Sondra worshipped with a Bible church for a while, but decided that it “seemed so simple and boring to me.” She moved on to worshipping with a Messianic group, which the article seems to say differs from Messianic Jews because the members were gentiles and not Jewish.

 

To further separate Sondra’s group from other Messianic congregations we are assured, “Messianic Jewish brothers … have a clear picture of the new covenant.”  Hold on just one moment!  I thought one of the major problems with that Great Satan (the Adventist Church) was that it taught people to worship God on Saturday – which shows Adventists do not have a clear picture of the new covenant.  Why do these people get a pass on Sabbath worship and Adventists do not?  I know! Most Adventists are not Jewish.  It’s a racial thing. Now, where did it say in the Bible that Jews and gentiles could read the Bible differently?  Must be in here someplace, Let’s see….

 

Back to our story. Next, we are introduced to the religious background of Jeff, Sondra’s husband.  Turns out (rats!), Jeff has no background in Adventism to renounce. Instead, after his brief membership in the Church he wanders with Sondra through various Christian groups until he reads the book of Galatians.  He reports, “when I finished reading, I stood up with my hands on my chest of drawers and took a deep breath.

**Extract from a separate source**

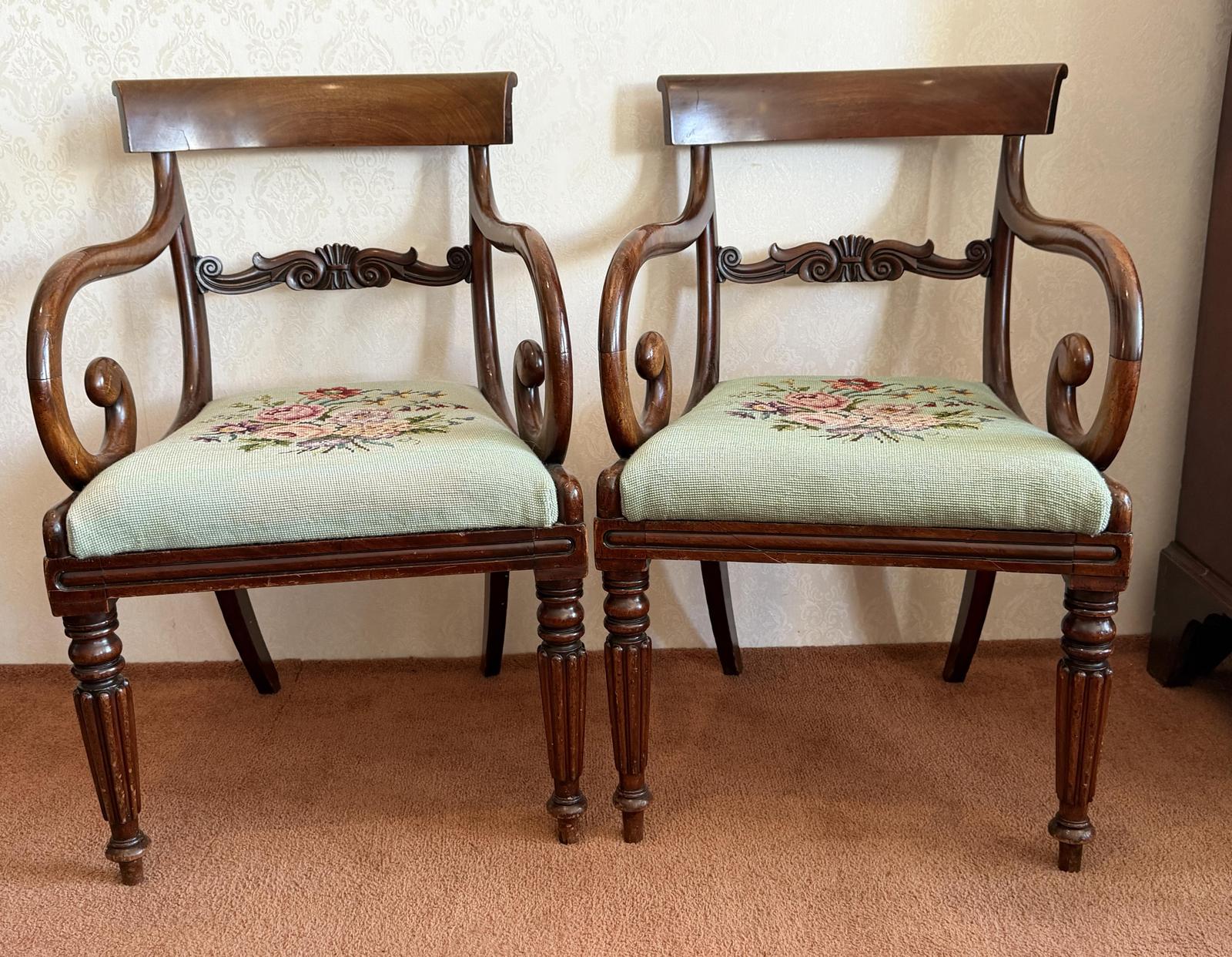 Magnificent pair of 19th Century (circa 1830) antique carver chairs in mahogany. Fine original condition. They both have turned flustered legs and drop in seats. Unrestored.

It felt like the weight of the world just lifted from my shoulders.”   One might think that it was the weight was the chest of drawers, but it turns out that that it was “all the “layers of falsehood [that] started to peel away…. We repented knowing we had only ourselves to blame.” 

 

Who let that statement into the story! It was supposed to be the Adventist Church that is to blame for them missing the Galatians reading all those years.  Surely it must be part of the layers of “falsehood.”

 

Our story ends with Sondra and Jeff returning to the “simple” Bible church where they now treasure the “simple truth.”  There is no doubt the gospel story is simple truth, but how the Adventist Church gets indicted in Sondra’s story is not so simple. It seems that dad losing his job as an Adventist minister coupled with the divorce made such an impact on a young girl’s spiritual development that for years she wandered from church to church.  We cannot help but be sympathetic to Sondra.  These are traumatic events in a young girl’s life.  However, they are hardly a reason for mature Adventists to leave the Church. Guess we are going to have to wait until the next issue where the lammers can take another crack at the Church.